And of course Herself has the example of Bill to consider: After a years-long campaign of perjury, suborning perjury, obstruction of justice, and more, all he suffered was the revocation of his law license and a symbolic disbarment — as though he ever intended to practice law again. He has dedicated his post-presidency years to delivering highly remunerated speeches about economic inequality and building an impressive collection of fine wristwatches rather than scratching annual hash-marks into the wall of the cell in Kansas where he belongs.
We have federal employees watching porn all day and using their government credit cards for casinos and hookers. (“Mastercard: When the girl will do anything except take American Express.”) Most of the time, nobody gets fired, and it is exceedingly rare that anybody goes to jail.
You know who gets arrested? Schmucks.
James Meyers is a schmuck. The first three times I saw his story, I rolled my eyes and went on my way, assuming that it was one of those Facebook fictions that make the rounds for some reason. Denounce me as an inside-the-Beltway elitist, but I changed my mind when I saw it in the Washington Post.
Back in the pre-Cambrian age, when there were video-rental stores that loaned VHS tapes for a small fee, Meyers, a North Carolina man, rented a copy of Freddy Got Fingered, a very stupid movie made by Tom Greene. Bad taste is not a crime. But apparently failing to return a copy of Freddy Got Fingered is a crime, if you let it go long enough. The video-rental company, long defunct, had filed a complaint against Meyers. Under state law, failure to return rented property is a criminal misdemeanor punishable by a fine of up to $200. Meyers had gone about his life blissfully unaware that any such case had been brought against him, until he was pulled over dropping his daughter off at school with a defective brake light.

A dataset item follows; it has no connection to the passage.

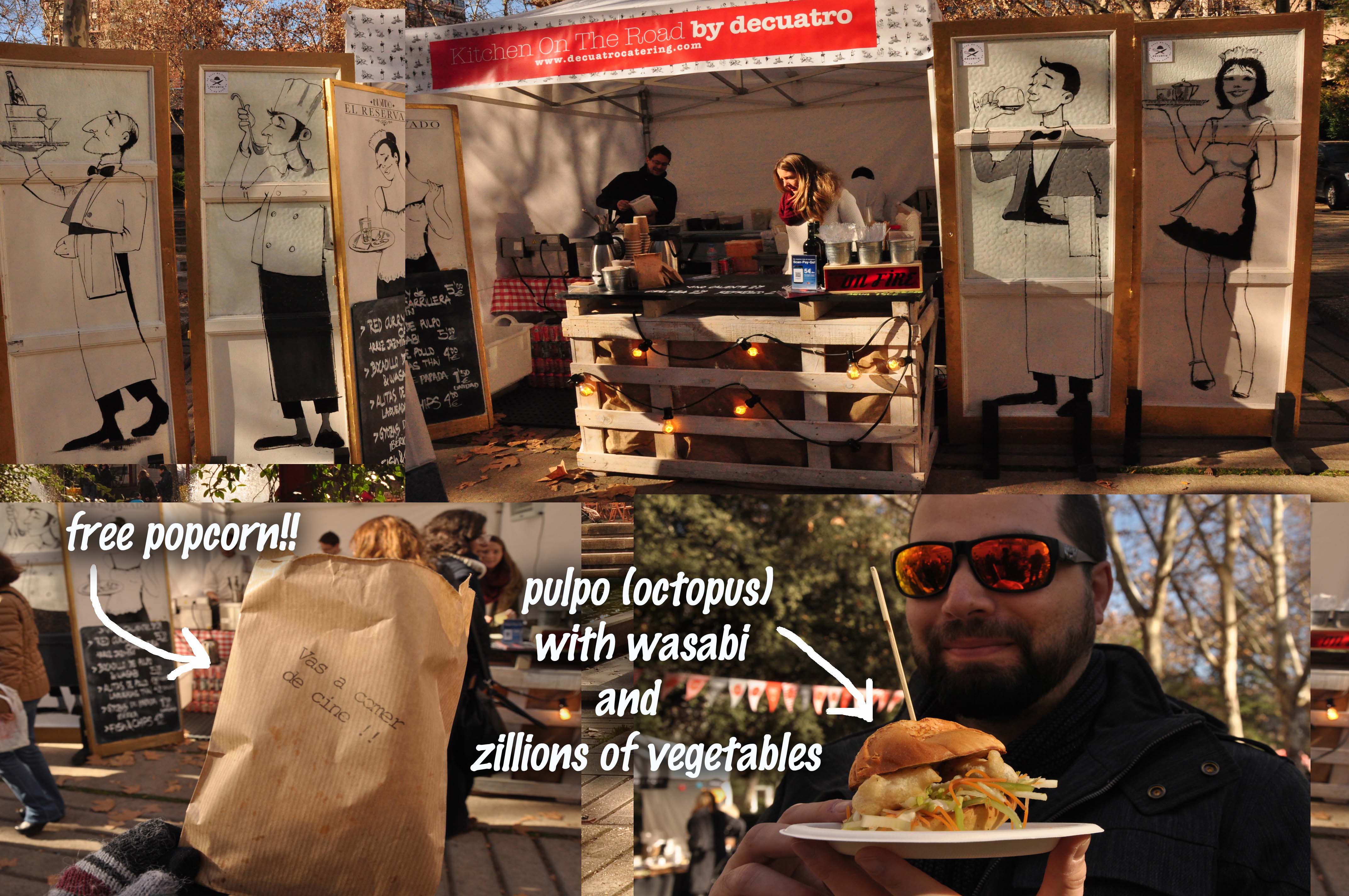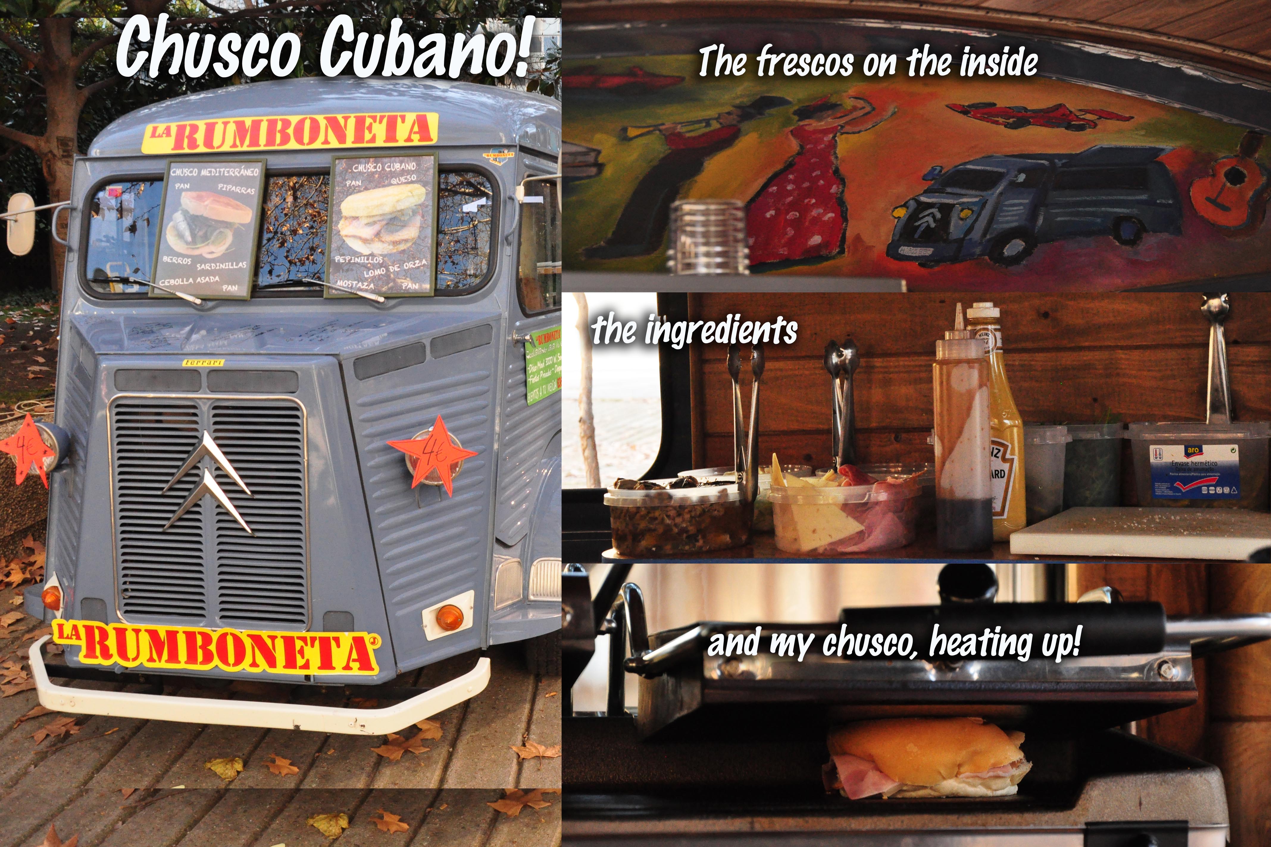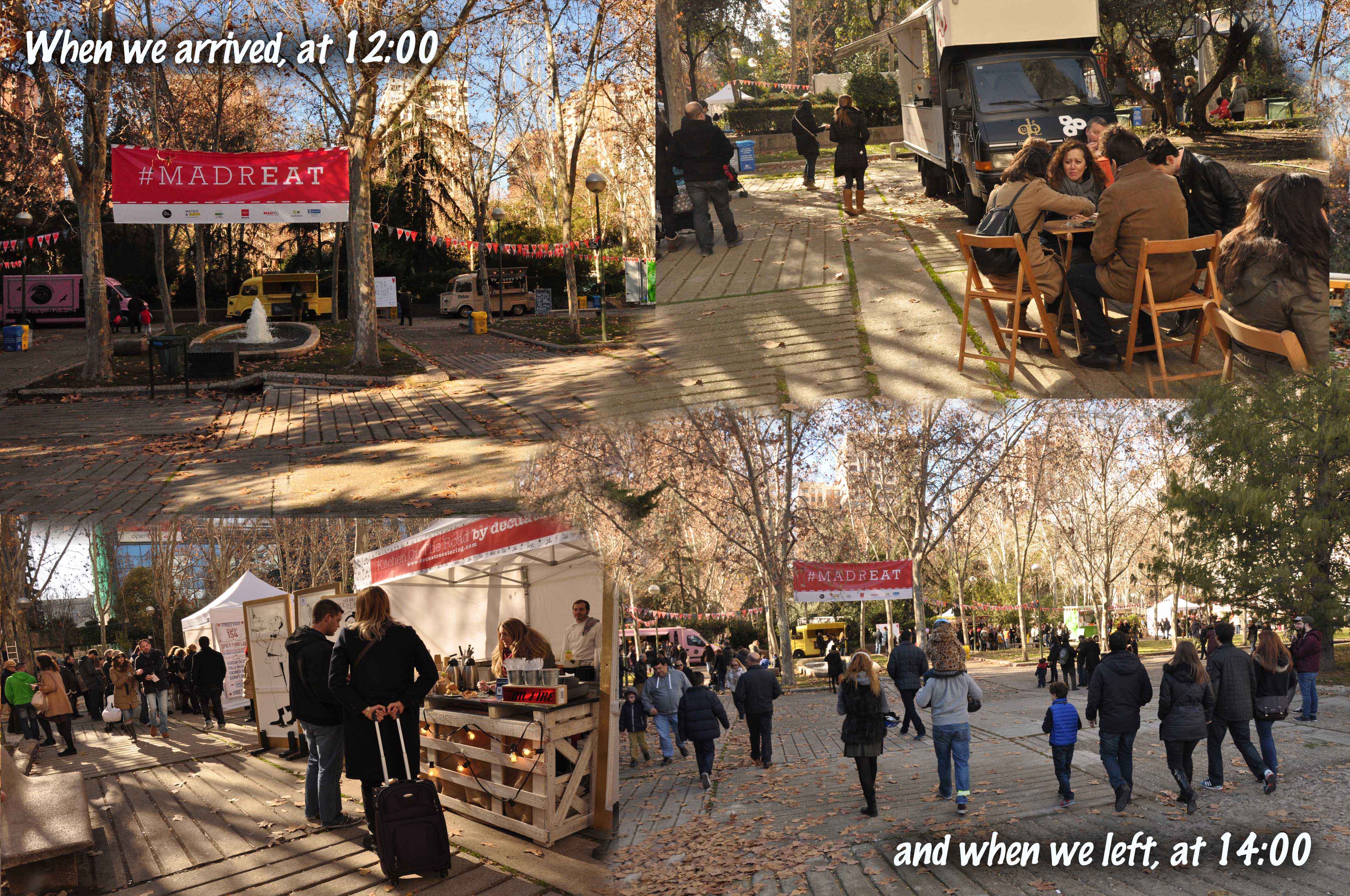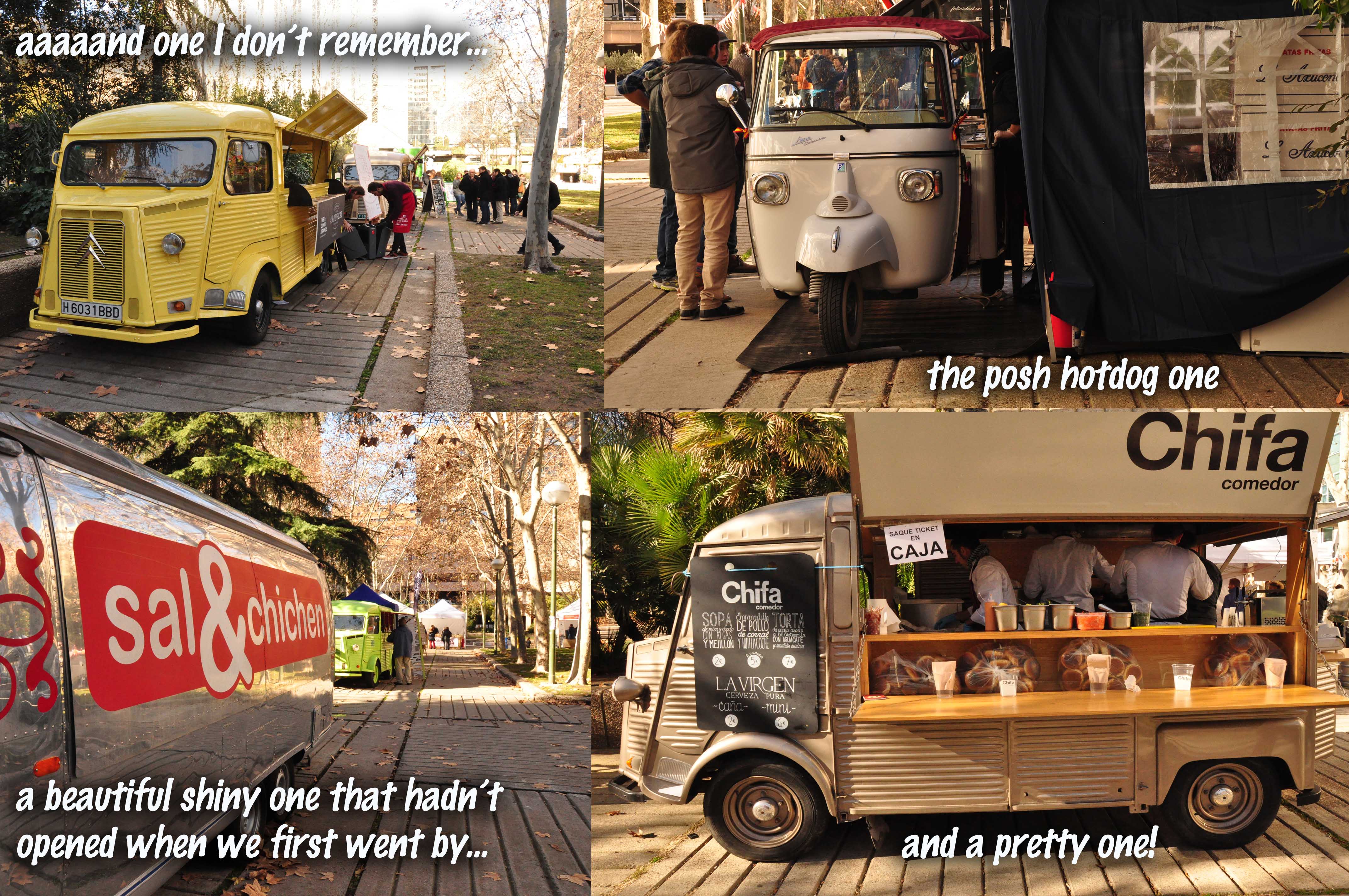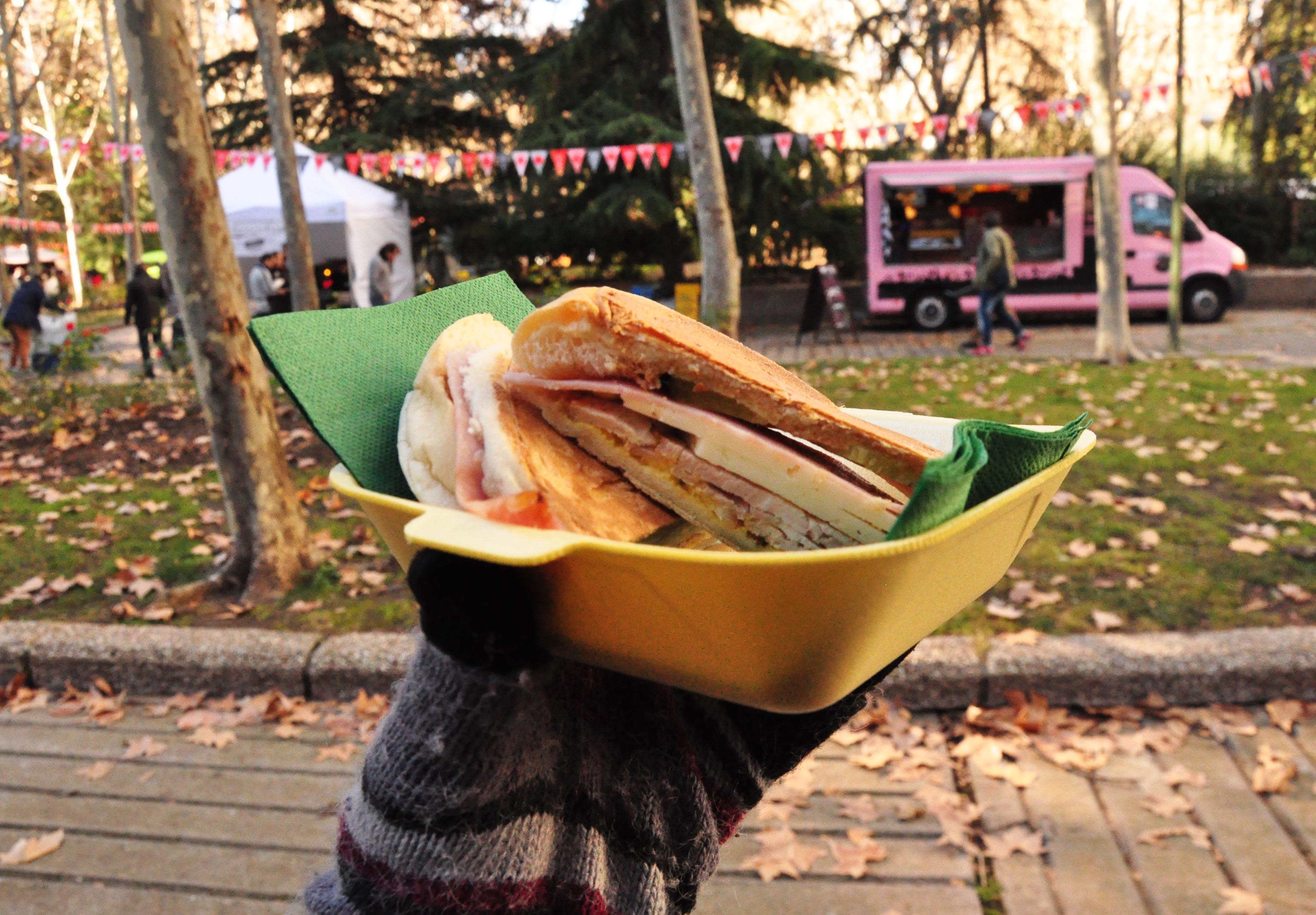 This morning we went to the gardens in which the trucks were set up. There were very few people when we arrived at 12:00, which was great because we managed to grab a vermut and start an exploratory tour, chatting to some hosts (some of whom gave us freebies, yay them!), and then start eating. First up, the best Vermut in Madrid. Immediately after, the chusco cubano from the film. We had to.

The officer citing him for the traffic violation had the good sense not to slap the cuffs on Meyers — he’ll probably be disciplined for that — but when Meyers came to the police station to sort things out, he was handcuffed and arrested.
For failing to return a copy of Freddy Got Fingered, this was.
People like Hillary Rodham Clinton break the law — serious laws, including national-security law — with impunity. They can do this because their lives are dedicated to the pursuit of power, which means being constantly lawyered up. There probably has been no point in the past 30 years during which Mrs. Clinton, her family, or a near ally was not under investigation. She can spend her days fighting this stuff and dragging it out for years and years like it’s her job — because it is.
A schmuck like James Meyers, though, lives a different sort of life. The court might have mailed him a notice to appear 14 years ago when his rental-issue was a matter of immediate public concern; often enough, such notices are sent to addresses that are three or four moves in the past. It takes time and money to fight bureaucrats who have nothing to do all day but shake you down for money: Fairfield County, Conn., where I lived for less than a year many years ago, still sends me annual tax bills. The state of New York has demanded of me tax on income that was earned neither in New York nor by a party living in New York. If you have the time and the money, you get a lawyer and you sue, countersue, or otherwise protect your rights.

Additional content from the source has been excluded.